**What to work on**. Copy out exactly the lines spanning the line with "Enter for a" to the line with "With Mobillett account", inclusive, from the data underneath, with no pictures.

[Available data Boundary: Start]

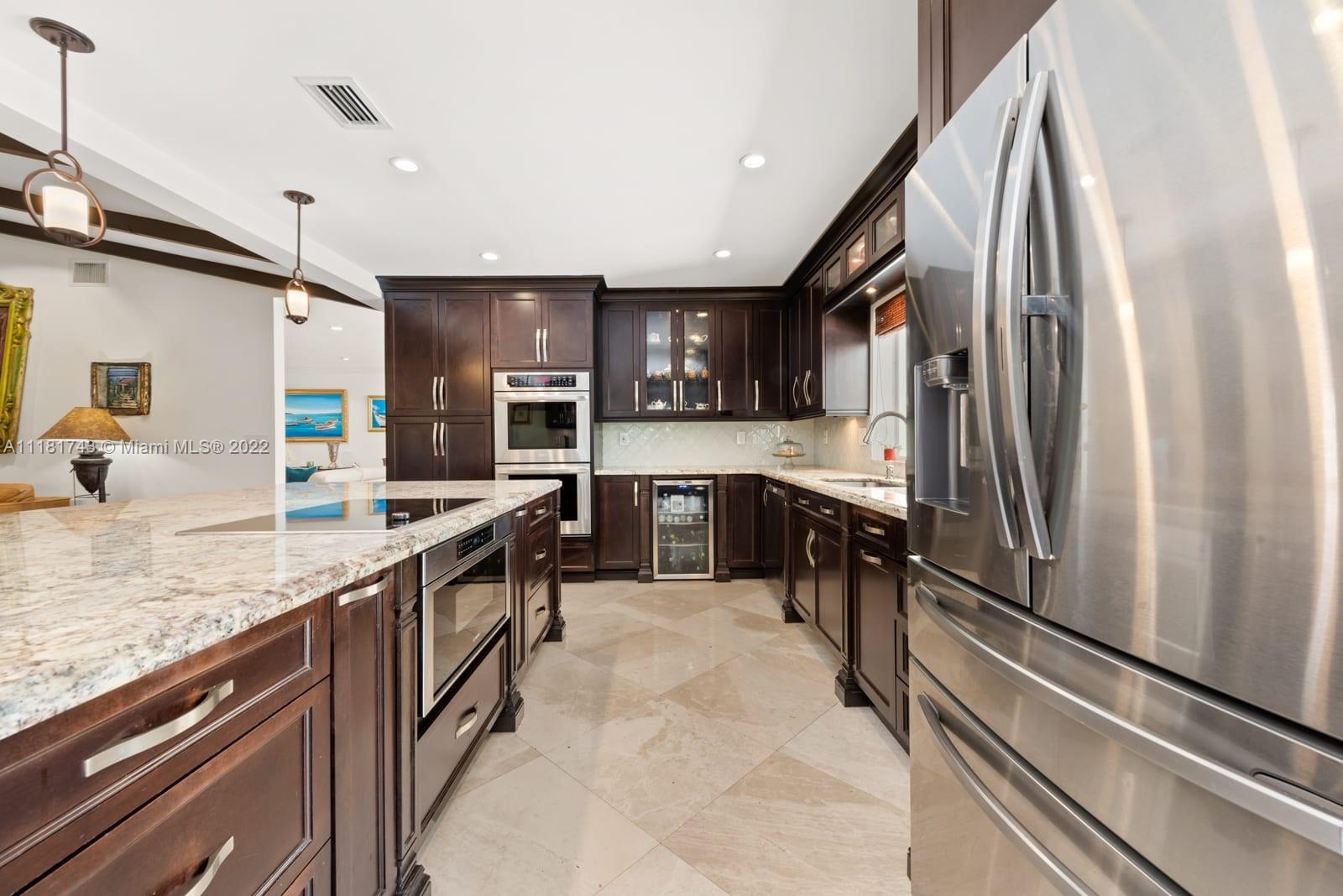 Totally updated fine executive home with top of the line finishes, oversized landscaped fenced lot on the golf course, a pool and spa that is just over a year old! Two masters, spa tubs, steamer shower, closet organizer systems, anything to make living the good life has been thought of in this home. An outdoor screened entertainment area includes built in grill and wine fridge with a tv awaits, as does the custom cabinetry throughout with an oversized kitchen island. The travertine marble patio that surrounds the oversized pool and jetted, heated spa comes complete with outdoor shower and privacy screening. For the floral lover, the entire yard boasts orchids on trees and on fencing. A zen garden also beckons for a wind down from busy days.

[Available data Boundary: End]
[Available data Boundary: Start]

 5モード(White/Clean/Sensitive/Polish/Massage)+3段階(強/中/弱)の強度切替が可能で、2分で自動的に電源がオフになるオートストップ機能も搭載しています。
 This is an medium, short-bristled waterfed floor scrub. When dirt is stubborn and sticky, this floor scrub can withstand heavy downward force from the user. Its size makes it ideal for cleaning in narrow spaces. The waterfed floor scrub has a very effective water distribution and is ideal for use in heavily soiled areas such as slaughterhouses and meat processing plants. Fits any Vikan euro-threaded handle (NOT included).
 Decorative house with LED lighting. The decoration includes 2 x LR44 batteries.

[Available data Boundary: End]
[Available data Boundary: Start]

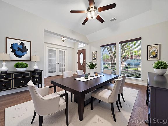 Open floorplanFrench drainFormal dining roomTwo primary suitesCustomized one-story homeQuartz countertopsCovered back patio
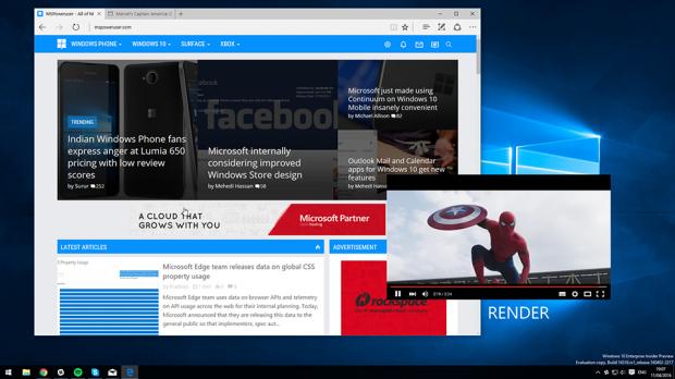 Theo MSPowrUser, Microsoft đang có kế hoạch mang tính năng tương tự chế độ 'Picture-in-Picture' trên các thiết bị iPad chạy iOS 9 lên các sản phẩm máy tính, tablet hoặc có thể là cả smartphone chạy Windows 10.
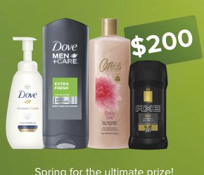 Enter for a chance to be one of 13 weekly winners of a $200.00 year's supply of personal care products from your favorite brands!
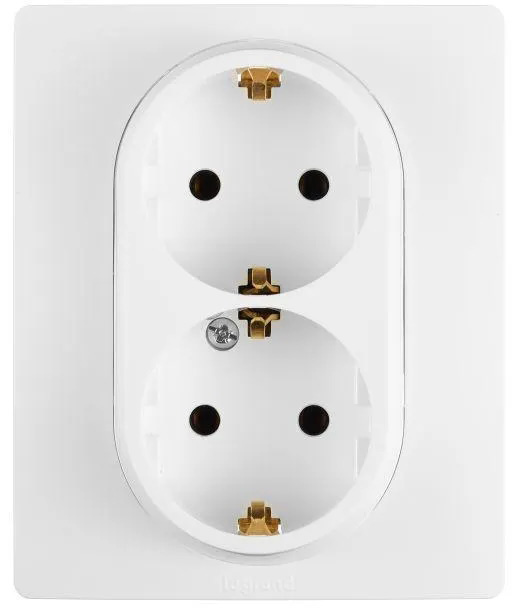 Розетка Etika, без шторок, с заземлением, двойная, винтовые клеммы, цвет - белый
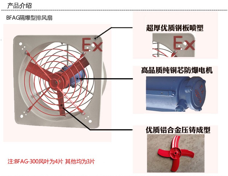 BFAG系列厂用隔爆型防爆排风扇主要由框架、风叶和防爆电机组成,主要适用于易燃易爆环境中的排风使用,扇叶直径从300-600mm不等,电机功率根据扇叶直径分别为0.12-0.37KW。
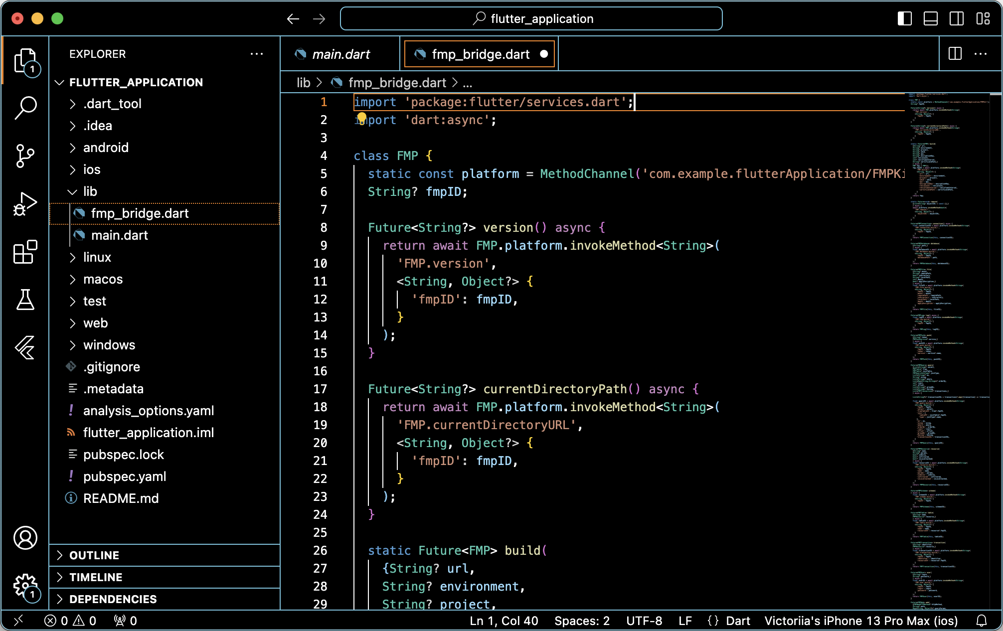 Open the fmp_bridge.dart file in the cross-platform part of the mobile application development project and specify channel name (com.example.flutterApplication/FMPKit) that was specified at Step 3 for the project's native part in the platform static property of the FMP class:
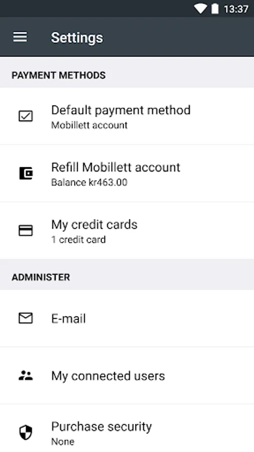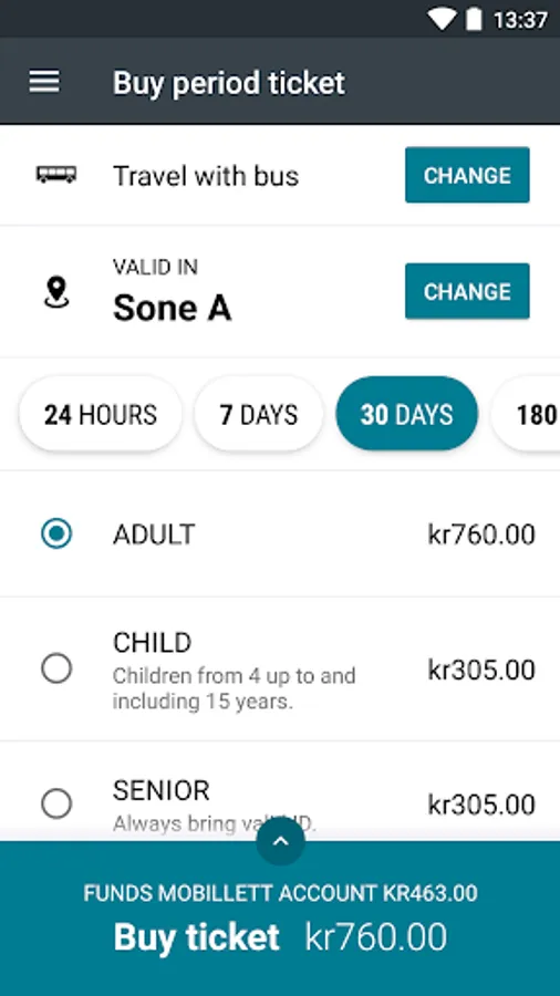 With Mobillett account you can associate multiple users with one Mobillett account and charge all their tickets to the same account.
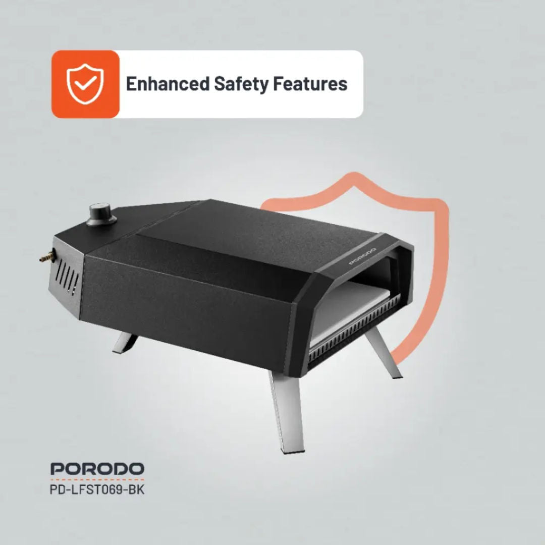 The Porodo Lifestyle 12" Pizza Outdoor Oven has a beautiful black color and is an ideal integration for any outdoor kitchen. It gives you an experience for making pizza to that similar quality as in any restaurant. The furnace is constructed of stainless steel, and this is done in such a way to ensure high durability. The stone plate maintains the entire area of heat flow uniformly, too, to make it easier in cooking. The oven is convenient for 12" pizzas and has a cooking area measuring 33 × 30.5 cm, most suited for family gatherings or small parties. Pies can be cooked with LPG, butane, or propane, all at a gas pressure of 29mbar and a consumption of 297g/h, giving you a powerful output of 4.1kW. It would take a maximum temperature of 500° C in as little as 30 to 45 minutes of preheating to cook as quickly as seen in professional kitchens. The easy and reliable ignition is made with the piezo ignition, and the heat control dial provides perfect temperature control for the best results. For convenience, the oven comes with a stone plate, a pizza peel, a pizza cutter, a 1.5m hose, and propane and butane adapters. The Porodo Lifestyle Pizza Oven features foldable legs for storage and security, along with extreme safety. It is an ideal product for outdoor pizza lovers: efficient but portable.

[Available data Boundary: End]

**Written solution**.
 Enter for a chance to be one of 13 weekly winners of a $200.00 year's supply of personal care products from your favorite brands!
 Розетка Etika, без шторок, с заземлением, двойная, винтовые клеммы, цвет - белый
 BFAG系列厂用隔爆型防爆排风扇主要由框架、风叶和防爆电机组成,主要适用于易燃易爆环境中的排风使用,扇叶直径从300-600mm不等,电机功率根据扇叶直径分别为0.12-0.37KW。
 Open the fmp_bridge.dart file in the cross-platform part of the mobile application development project and specify channel name (com.example.flutterApplication/FMPKit) that was specified at Step 3 for the project's native part in the platform static property of the FMP class:
 With Mobillett account you can associate multiple users with one Mobillett account and charge all their tickets to the same account.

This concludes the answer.